Climate change is melting the West Antarctic Ice Sheet. A recent swell in warm ocean water on the western side of the continent is eating away at two predominant glaciers, Pine Island Glacier and Thwaites Glacier. And the retreating glaciers mean the entire larger ice sheet could disintegrate, leading to a 10-foot rise in sea level around the world. This surge in water levels imperils major coastal metropolises from New York City to Tokyo.
Now researchers from the Potsdam Institute for Climate Impact Research are proposing an utterly extreme approach to this extreme problem. They say humanity could convert massive quantities of ocean water into artificial snow to save the icy continent. The feat would require “an unprecedented effort for humankind in one of the harshest environments on the planet,” the team writes Wednesday in the journal Science Advances.

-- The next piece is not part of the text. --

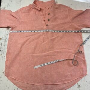 Stunning Sigrid Olsen tunic blouse. Made from 100% linen, this blouse features a relaxed fit, long sleeves, and a collared neckline. The salmon pink color adds a pop of color to your outfit and the solid pattern makes it easy to pair with other clothing items. The button closure adds a classic touch to this stylish piece.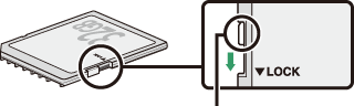 Paměťové karty SD jsou vybaveny přepínačem ochrany proti zápisu, který zabraňuje náhodné ztrátě dat. Když je tento přepínač v poloze „lock“, nelze naformátovat paměťovou kartu a nelze mazat ani zaznamenávat fotografie (při pokusu o spuštění závěrky se na monitoru zobrazí varování). Chcete-li paměťovou kartu odemknout, posuňte přepínač do polohy „zápis“.

“The West Antarctic Ice Sheet is one of the tipping elements in our climate system. Ice loss is accelerating and might not stop until the West Antarctic ice sheet is practically gone,” physicist and author Anders Levermann said in a press release.
“The fundamental trade-off is whether we as humanity want to sacrifice Antarctica to save the currently inhabited coastal regions and the cultural heritage that we have built and are building on our shores,” he added “It is about global metropolises, from New York to Shanghai, which in the long term will be below sea level if nothing is done.”
Staggering Snow Sums
To see if there was a way to stave that off, the researchers created a model that would stabilize the ice sheet. They found it would require pumping a whipping 62 to 875 gigatonnes of snow onto the ice sheet over something like 10 to 50 years. For comparison, the volume of Mount Everest is about 150 cubic kilometers, which means if it were made of water, its volume would be about 150 gigatonnes. The snowfall would add 625 to 18,750 gigatonnes of ice – or as much as 125 Mount Everests – to the continent.
“We find that an awful lot of snow can indeed push the ice sheet back towards a stable regime and stop the instability,” glaciologist Johannes Feldman, lead author of the research said in the press release.
Desperate Measures
To do so, the researchers say humanity could pumping water out of the ocean with energy provided by more than 12,000 wind turbines, converting it to snow and blasting the several hundred billion tons of it through snow machines over a few decades.
“We are fully aware of the disruptive character such an intervention would have,” Feldmann said. They are also aware of the challenging, if not impossible, nature of the task.
“Further, the harsh Antarctic climate makes the technical challenges difficult to anticipate and hard to handle while the potential hazardous impacts to the region are likely to be devastating,” he added.
But the researchers indicate desperate times may call for desperate measures. “The apparent absurdity of the endeavor to let it snow in Antarctica to stop an ice instability reflects the breath-taking dimension of the sea-level problem,” Levermann said.
“Yet as scientists we feel it is our duty to inform society about each and every potential option to counter the problems ahead. As unbelievable as it might seem: In order to prevent an unprecedented risk, humankind might have to make an unprecedented effort, too.”